Examples are available at:

2) Number of cavities x Time

After identifying the transient pockets, you can perform cavity detection around regions of interest and save the number of cavities in each frame.

# Create an empty array
ncavities = []

for pdb in pdbs:
    # Load atomic data
    atomic = pyKVFinder.read_pdb(os.path.join('./data', pdb))

    # Get vertices from file
    vertices, atomic = pyKVFinder.get_vertices_from_file('./box.toml', atomic, probe_out=12.0)

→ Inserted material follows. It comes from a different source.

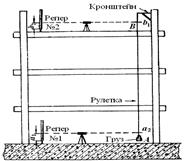 Передачу отметок на вышележащие этажи производят с помощью двух нивелиров, реек и подвешенной стальной рулетки. Рейки устанавливают на реперы, расположенные на исходном и данном монтажных горизонтах (рис. 10). Отсчеты по рулетке берутся одновременно по двум нивелирам. Для большей устойчивости рулетки к ней снизу подвешивают груз, помещаемый в сосуд с вязкой жидкостью. В результате наблюдений получают отсчеты

    # Detect biomolecular cavities
    ncav, cavities = pyKVFinder.detect(atomic, vertices, probe_out=12.0, volume_cutoff=100.0, box_adjustment=True)

    # Append
    ncavities.append(ncav)

Then, you could plot the number of cavities over time.

print(ncavities)
# [1, 1, 1, 1, 2, 2, 2, 1, 1, 2]

ax = pandas.DataFrame(ncavities).plot.line()

# Customize axis
ax.set_ylim(0, 3)
ax.set_xlim(0, 9)
ax.set_ylabel('Number of cavities')
ax.set_xlabel('Time (ns)')
ax.grid(True)

# Save to file
fig = ax.get_figure()
fig.savefig('./ncavities.png', dpi=300)

ncavities

jvsguerra commented 1 year ago

@mukherjeesutanu, I am closing this issue for now. If you have any further questions, you can open a new issue or reopen this one.